Could all of the entries be written out exactly, with any pictures omitted?

━━━━━ Exercise material

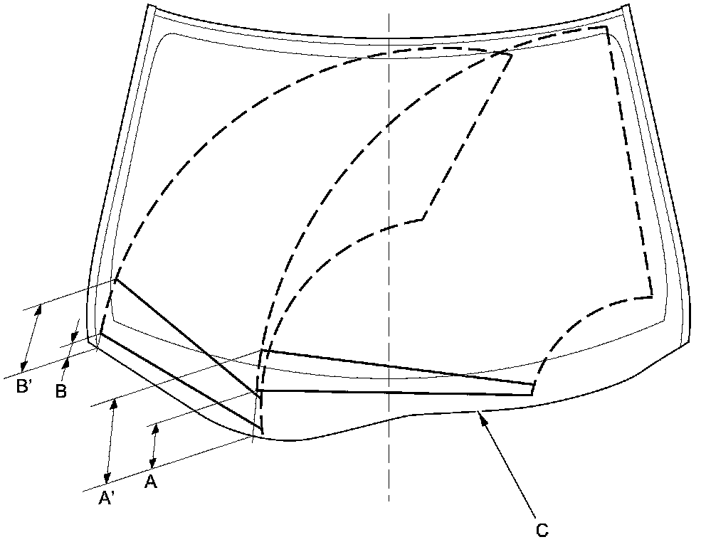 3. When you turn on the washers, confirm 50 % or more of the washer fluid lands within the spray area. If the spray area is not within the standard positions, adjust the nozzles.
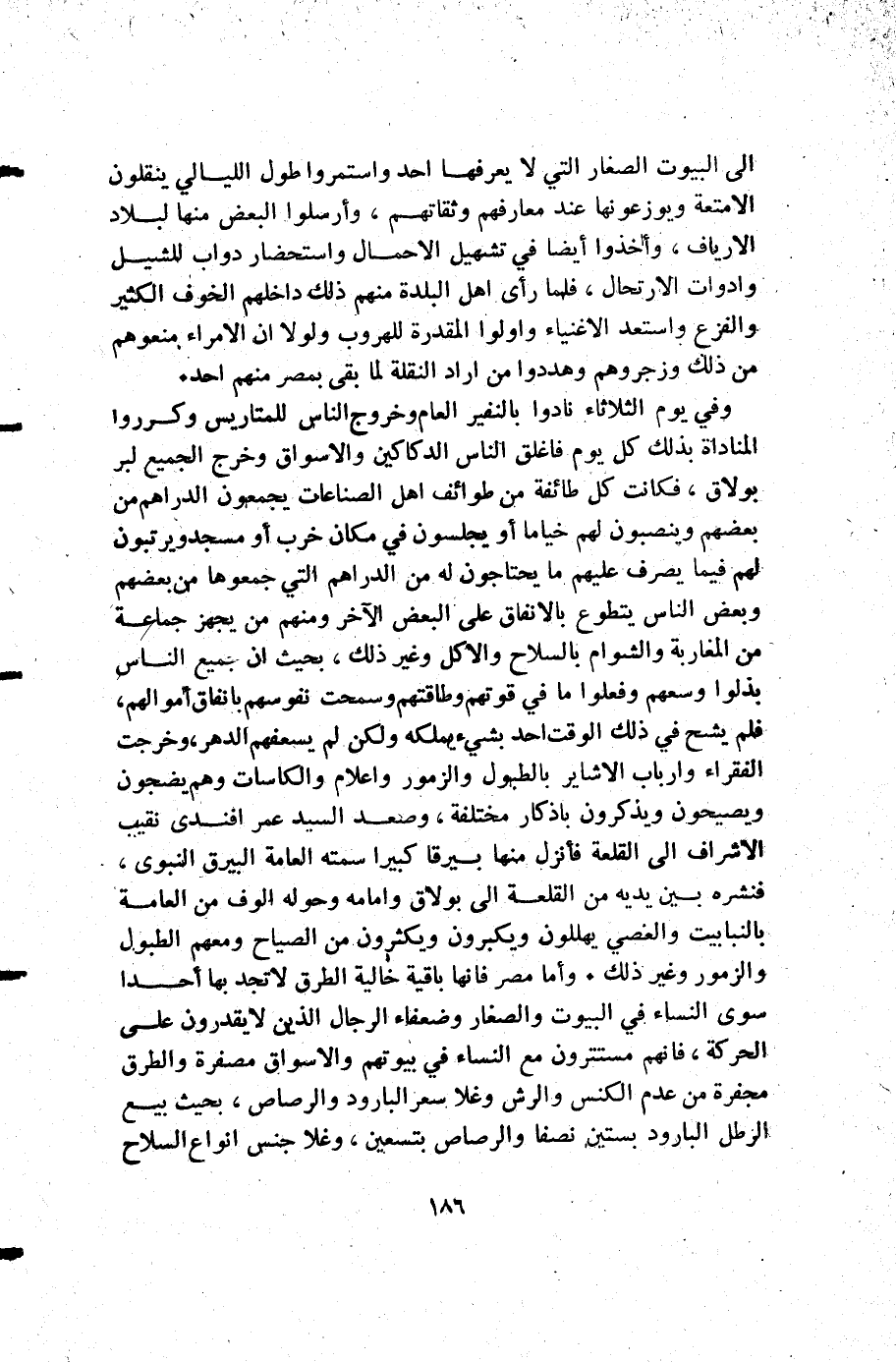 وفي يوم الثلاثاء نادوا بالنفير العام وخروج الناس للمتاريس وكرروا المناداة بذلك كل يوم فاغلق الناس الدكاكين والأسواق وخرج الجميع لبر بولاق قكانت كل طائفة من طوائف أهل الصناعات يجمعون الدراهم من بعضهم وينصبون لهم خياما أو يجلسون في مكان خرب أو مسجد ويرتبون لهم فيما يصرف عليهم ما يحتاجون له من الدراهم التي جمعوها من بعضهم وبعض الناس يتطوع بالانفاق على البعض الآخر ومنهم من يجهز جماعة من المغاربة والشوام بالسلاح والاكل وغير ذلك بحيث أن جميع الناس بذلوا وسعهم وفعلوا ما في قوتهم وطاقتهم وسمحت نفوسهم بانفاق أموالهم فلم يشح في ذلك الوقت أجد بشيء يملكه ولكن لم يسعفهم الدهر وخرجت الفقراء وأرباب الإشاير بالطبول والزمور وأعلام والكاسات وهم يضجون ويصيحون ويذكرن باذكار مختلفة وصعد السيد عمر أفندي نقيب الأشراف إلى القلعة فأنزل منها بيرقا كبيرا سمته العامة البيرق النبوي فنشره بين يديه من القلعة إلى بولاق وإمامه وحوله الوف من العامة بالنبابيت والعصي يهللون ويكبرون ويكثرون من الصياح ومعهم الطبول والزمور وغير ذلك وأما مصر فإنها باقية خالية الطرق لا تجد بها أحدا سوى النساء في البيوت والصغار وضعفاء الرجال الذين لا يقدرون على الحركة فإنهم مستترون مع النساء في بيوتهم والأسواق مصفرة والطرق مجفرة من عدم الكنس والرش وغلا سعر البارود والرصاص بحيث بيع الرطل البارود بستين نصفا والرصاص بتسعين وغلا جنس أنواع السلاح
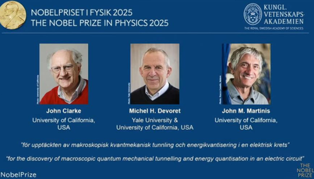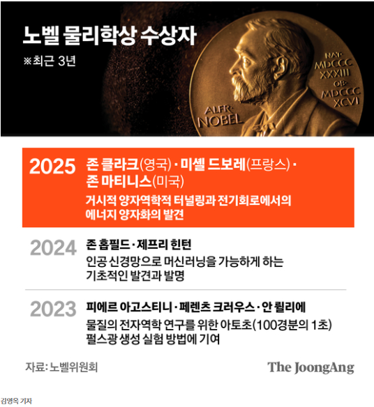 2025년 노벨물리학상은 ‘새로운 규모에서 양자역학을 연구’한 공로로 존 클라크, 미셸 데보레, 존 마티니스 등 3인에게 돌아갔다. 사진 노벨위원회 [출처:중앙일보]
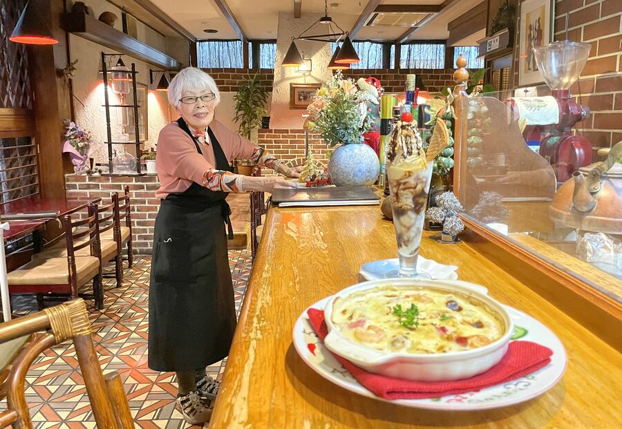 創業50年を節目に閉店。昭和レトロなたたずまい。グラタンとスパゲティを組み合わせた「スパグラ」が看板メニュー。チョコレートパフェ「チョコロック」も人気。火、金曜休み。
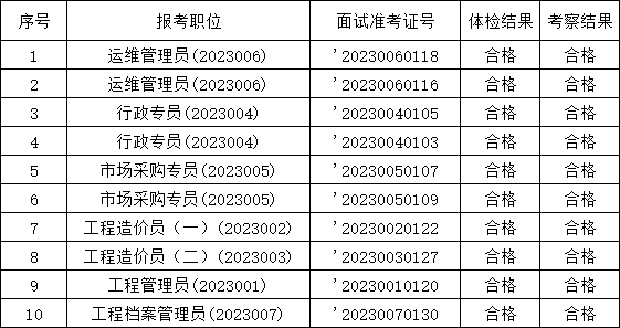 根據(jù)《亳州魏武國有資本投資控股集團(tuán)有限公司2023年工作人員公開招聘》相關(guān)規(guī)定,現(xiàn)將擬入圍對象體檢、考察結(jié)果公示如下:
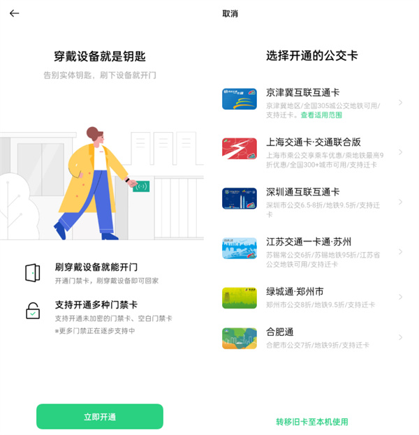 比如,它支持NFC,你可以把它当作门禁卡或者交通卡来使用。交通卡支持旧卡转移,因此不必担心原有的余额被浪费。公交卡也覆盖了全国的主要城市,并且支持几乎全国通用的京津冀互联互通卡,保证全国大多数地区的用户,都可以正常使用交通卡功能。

━━━━━━━━━━

**Solution for this task:**
 3. When you turn on the washers, confirm 50 % or more of the washer fluid lands within the spray area. If the spray area is not within the standard positions, adjust the nozzles.
 وفي يوم الثلاثاء نادوا بالنفير العام وخروج الناس للمتاريس وكرروا المناداة بذلك كل يوم فاغلق الناس الدكاكين والأسواق وخرج الجميع لبر بولاق قكانت كل طائفة من طوائف أهل الصناعات يجمعون الدراهم من بعضهم وينصبون لهم خياما أو يجلسون في مكان خرب أو مسجد ويرتبون لهم فيما يصرف عليهم ما يحتاجون له من الدراهم التي جمعوها من بعضهم وبعض الناس يتطوع بالانفاق على البعض الآخر ومنهم من يجهز جماعة من المغاربة والشوام بالسلاح والاكل وغير ذلك بحيث أن جميع الناس بذلوا وسعهم وفعلوا ما في قوتهم وطاقتهم وسمحت نفوسهم بانفاق أموالهم فلم يشح في ذلك الوقت أجد بشيء يملكه ولكن لم يسعفهم الدهر وخرجت الفقراء وأرباب الإشاير بالطبول والزمور وأعلام والكاسات وهم يضجون ويصيحون ويذكرن باذكار مختلفة وصعد السيد عمر أفندي نقيب الأشراف إلى القلعة فأنزل منها بيرقا كبيرا سمته العامة البيرق النبوي فنشره بين يديه من القلعة إلى بولاق وإمامه وحوله الوف من العامة بالنبابيت والعصي يهللون ويكبرون ويكثرون من الصياح ومعهم الطبول والزمور وغير ذلك وأما مصر فإنها باقية خالية الطرق لا تجد بها أحدا سوى النساء في البيوت والصغار وضعفاء الرجال الذين لا يقدرون على الحركة فإنهم مستترون مع النساء في بيوتهم والأسواق مصفرة والطرق مجفرة من عدم الكنس والرش وغلا سعر البارود والرصاص بحيث بيع الرطل البارود بستين نصفا والرصاص بتسعين وغلا جنس أنواع السلاح
 2025년 노벨물리학상은 ‘새로운 규모에서 양자역학을 연구’한 공로로 존 클라크, 미셸 데보레, 존 마티니스 등 3인에게 돌아갔다. 사진 노벨위원회 [출처:중앙일보]
 創業50年を節目に閉店。昭和レトロなたたずまい。グラタンとスパゲティを組み合わせた「スパグラ」が看板メニュー。チョコレートパフェ「チョコロック」も人気。火、金曜休み。
 根據(jù)《亳州魏武國有資本投資控股集團(tuán)有限公司2023年工作人員公開招聘》相關(guān)規(guī)定,現(xiàn)將擬入圍對象體檢、考察結(jié)果公示如下:
 比如,它支持NFC,你可以把它当作门禁卡或者交通卡来使用。交通卡支持旧卡转移,因此不必担心原有的余额被浪费。公交卡也覆盖了全国的主要城市,并且支持几乎全国通用的京津冀互联互通卡,保证全国大多数地区的用户,都可以正常使用交通卡功能。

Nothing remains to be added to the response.